▶ Task brief: Copy the lines below exactly, starting at the one with "彩票 | 男子840元小复式中大乐透139万:已经追了3个月了" and ending at the one with "Elegant round crystal-embellished", and leave out any picture.

▶ Dataset section:
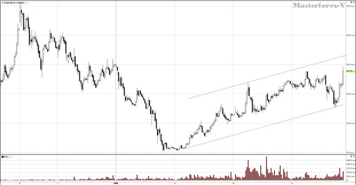 • "Транснефть": данная акция торгуеться в ап-тренде, видно что за последние 4 недели ее покупали и рост был на повышеных объемах, что говорит нам о интересе игроков к данному инструменту. Но поскольку цена подходит к сильному сопротивлению 50 тыс. от которого возможен отскок рекомендуем дождаться коррекции в район 40-35 и оттуда на признаках возобновления ап-тренда искать покупки.
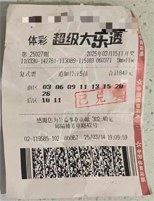 彩票 | 男子840元小复式中大乐透139万:已经追了3个月了
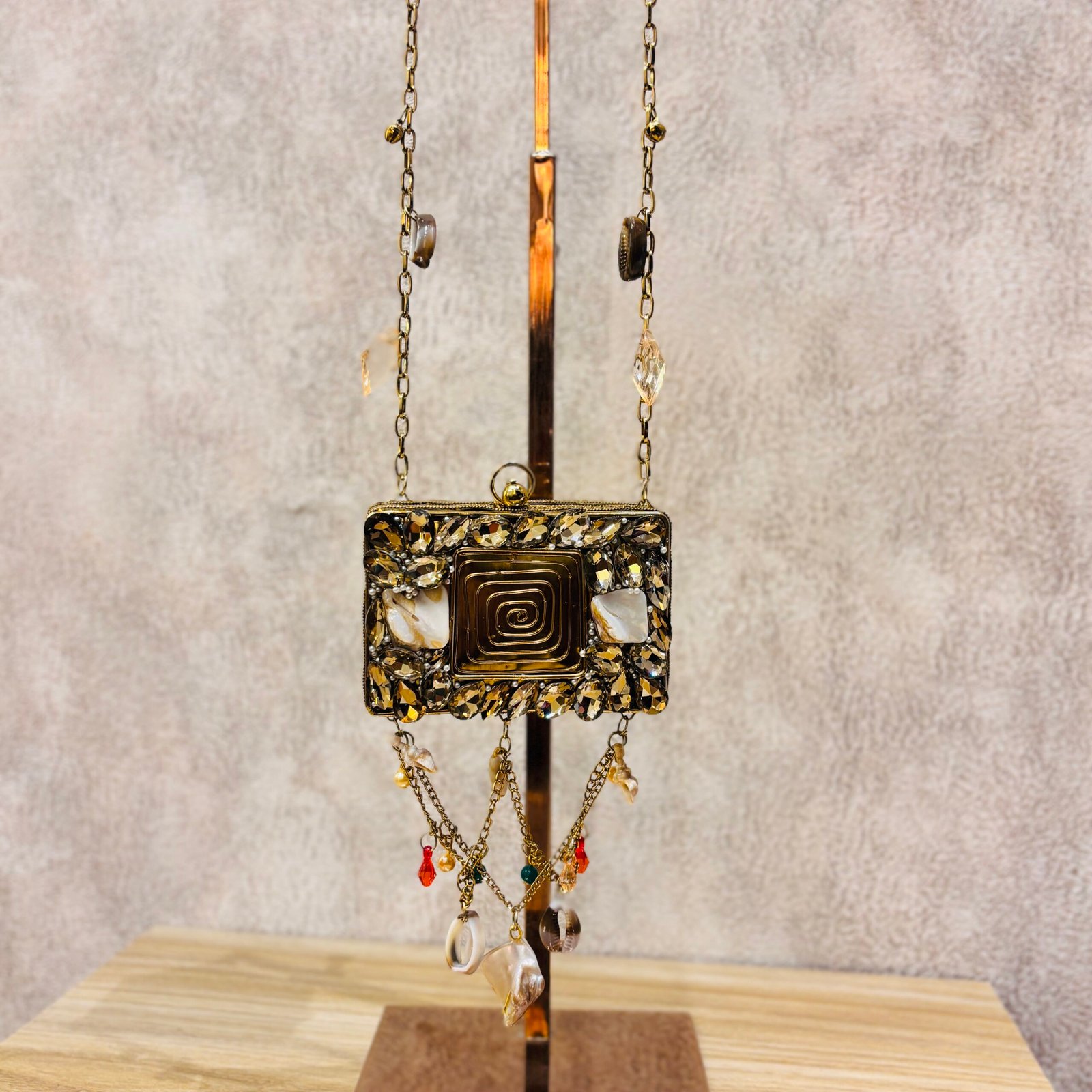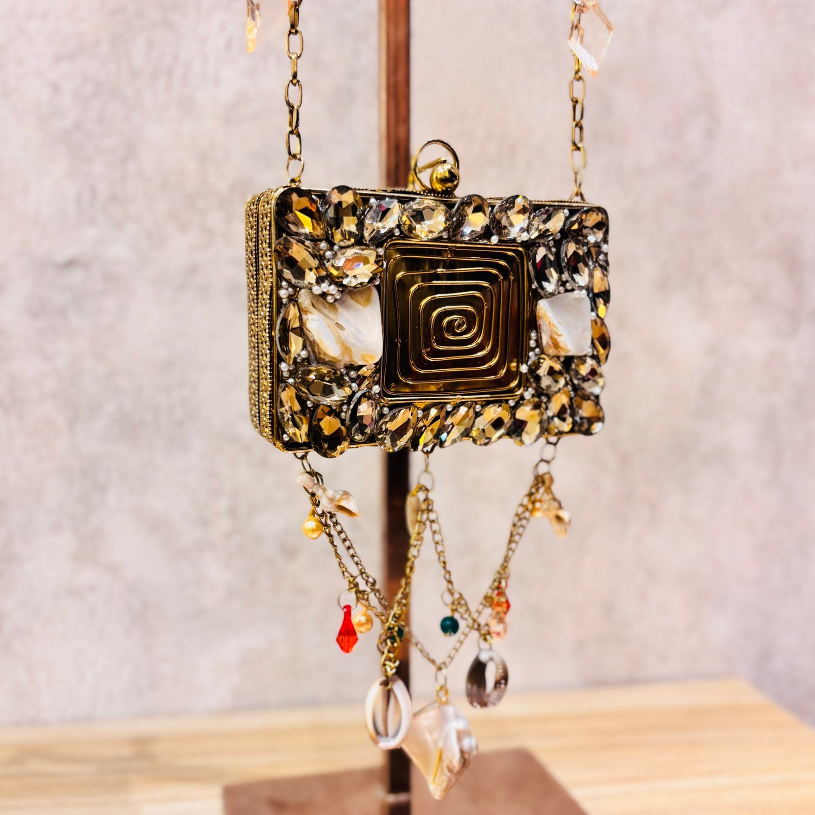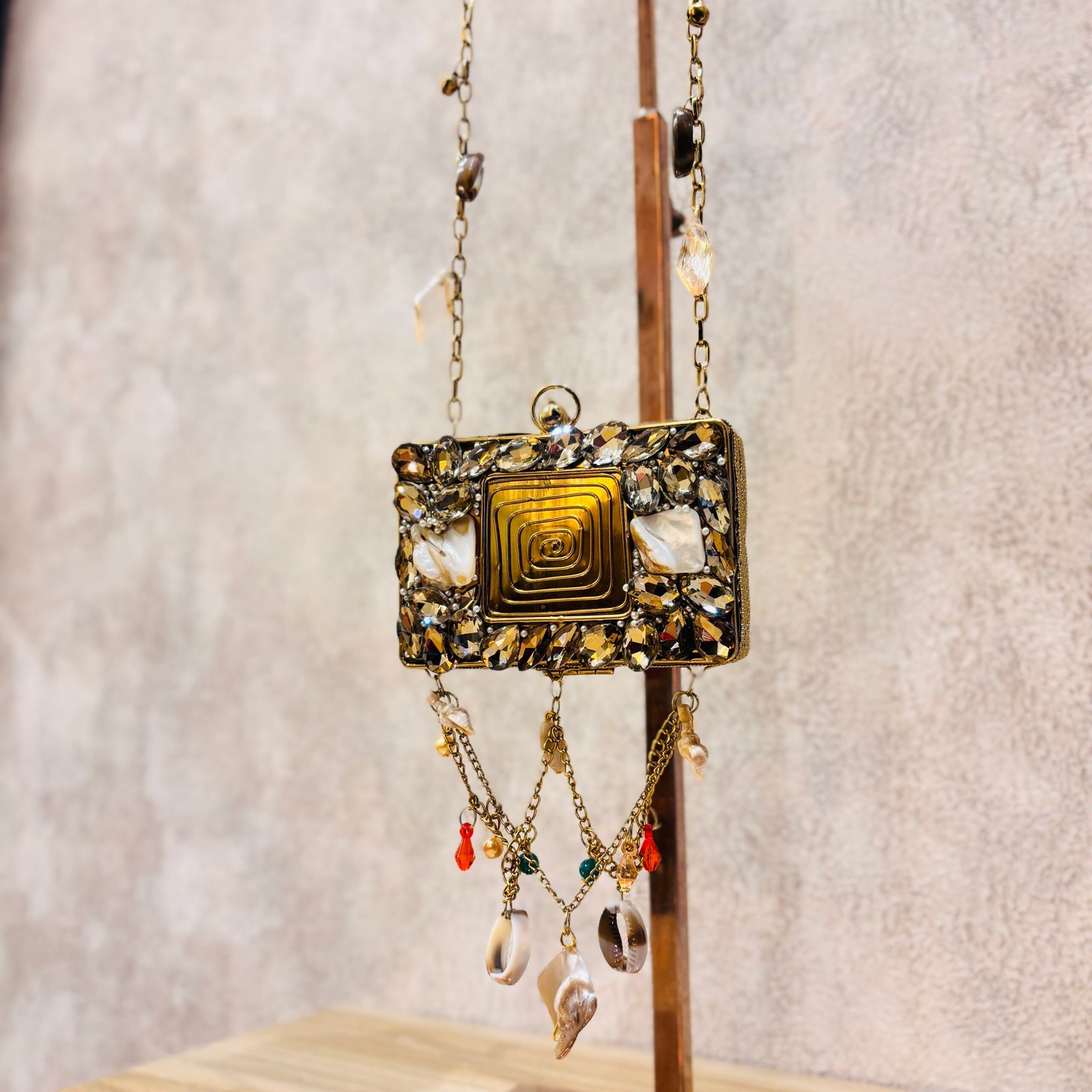 Elegant round crystal-embellished sling bag with pearl accents and cascading charms—perfect for evening events, weddings, and special occasions.
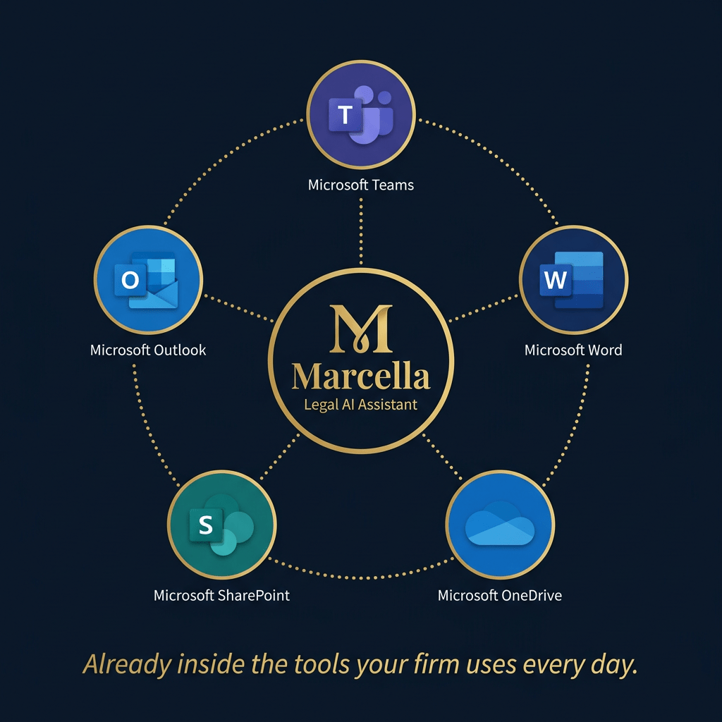 Most legal AI asks you to adopt a new platform. Marcella simply wakes up inside the Microsoft 365 tools your firm uses all day.

▶ Completed exercise:
 彩票 | 男子840元小复式中大乐透139万:已经追了3个月了
 Elegant round crystal-embellished sling bag with pearl accents and cascading charms—perfect for evening events, weddings, and special occasions.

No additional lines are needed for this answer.